TASK DIRECTIONS: Stop at the line containing "Black 100% real": repeat exactly every line of the entries below from the first up to it, plus that line, with pictures omitted.

━━ RECORDS TO USE ━━

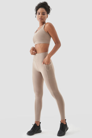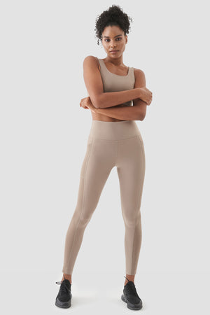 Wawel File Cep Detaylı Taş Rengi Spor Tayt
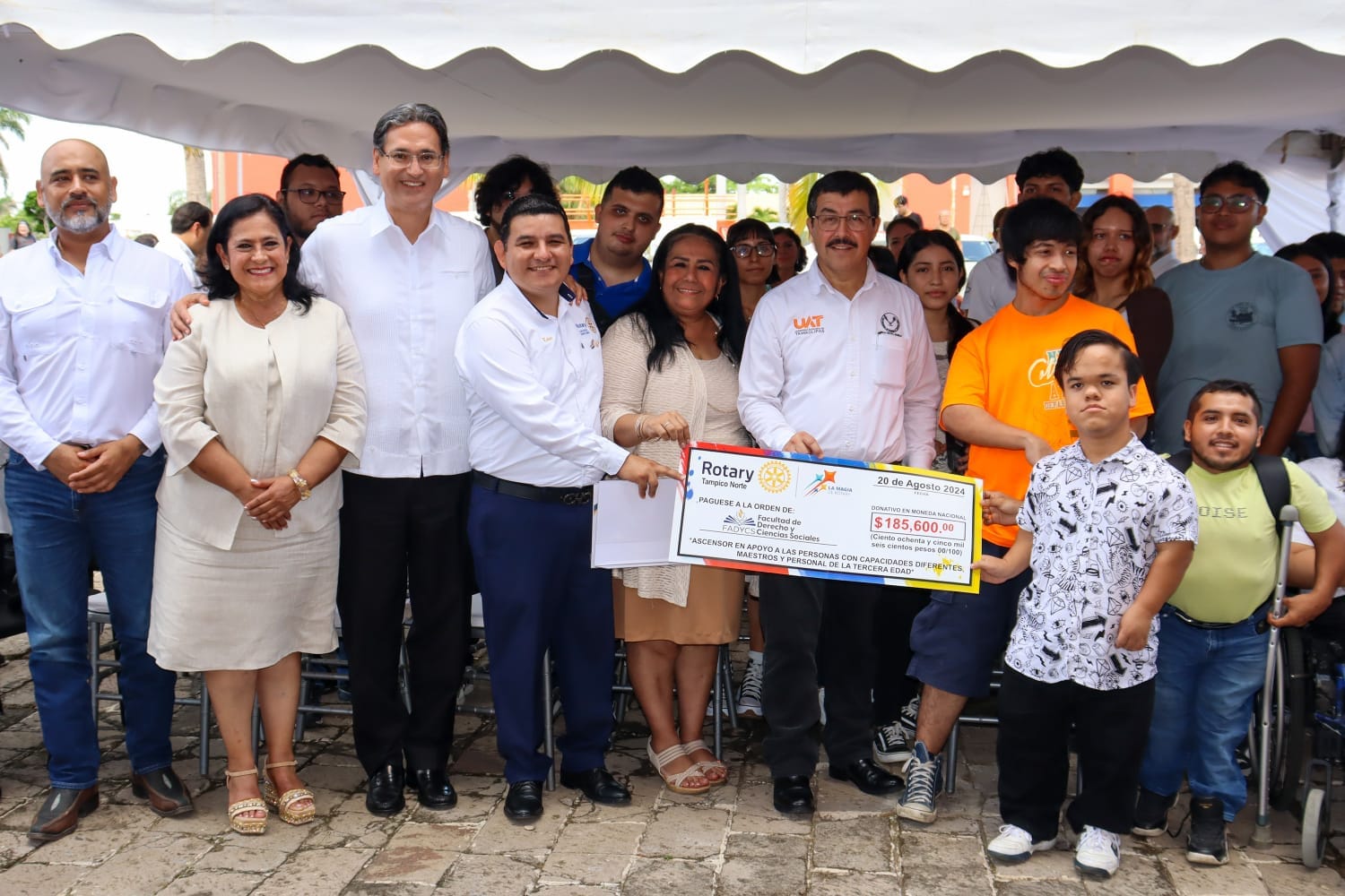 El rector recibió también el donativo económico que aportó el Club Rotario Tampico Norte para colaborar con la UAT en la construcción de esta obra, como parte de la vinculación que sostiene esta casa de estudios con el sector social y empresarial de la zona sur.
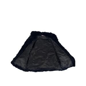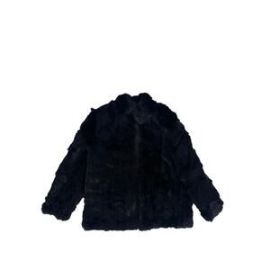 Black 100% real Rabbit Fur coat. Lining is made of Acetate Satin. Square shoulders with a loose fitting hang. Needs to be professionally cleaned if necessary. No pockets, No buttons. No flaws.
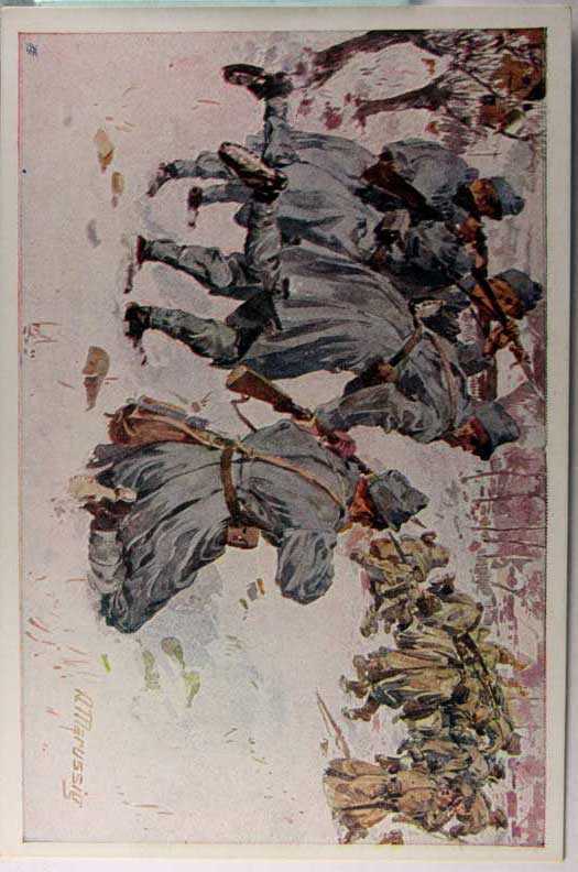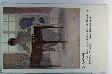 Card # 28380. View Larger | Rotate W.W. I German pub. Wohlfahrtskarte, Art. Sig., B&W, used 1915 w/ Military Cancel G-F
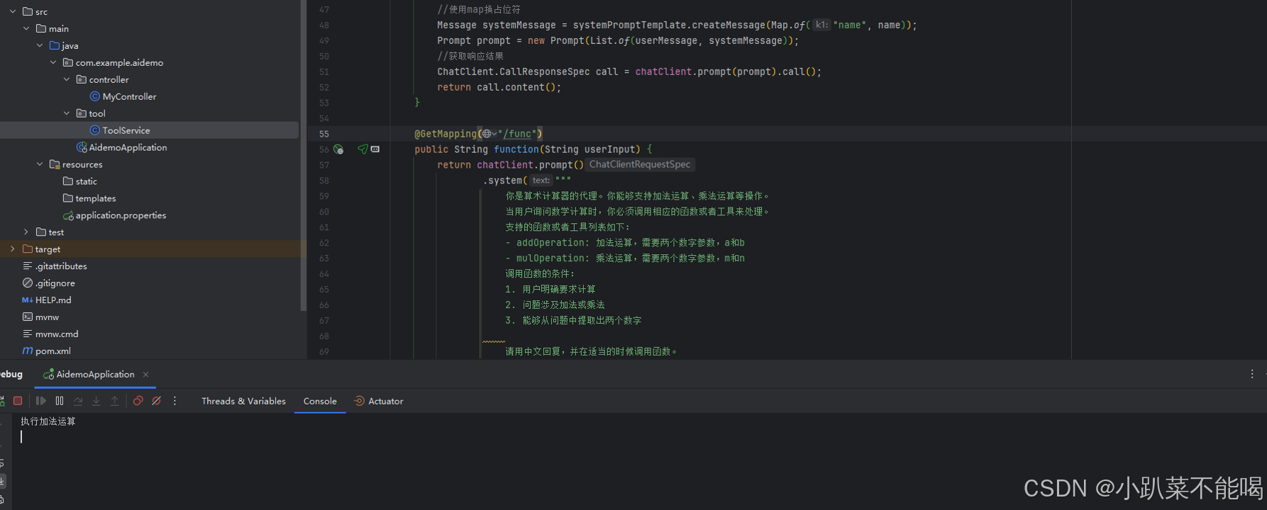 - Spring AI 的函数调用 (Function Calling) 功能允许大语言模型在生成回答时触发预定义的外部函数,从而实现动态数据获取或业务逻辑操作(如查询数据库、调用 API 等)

━━━

RESULT FOR THIS TASK:
 Wawel File Cep Detaylı Taş Rengi Spor Tayt
 El rector recibió también el donativo económico que aportó el Club Rotario Tampico Norte para colaborar con la UAT en la construcción de esta obra, como parte de la vinculación que sostiene esta casa de estudios con el sector social y empresarial de la zona sur.
 Black 100% real Rabbit Fur coat. Lining is made of Acetate Satin. Square shoulders with a loose fitting hang. Needs to be professionally cleaned if necessary. No pockets, No buttons. No flaws.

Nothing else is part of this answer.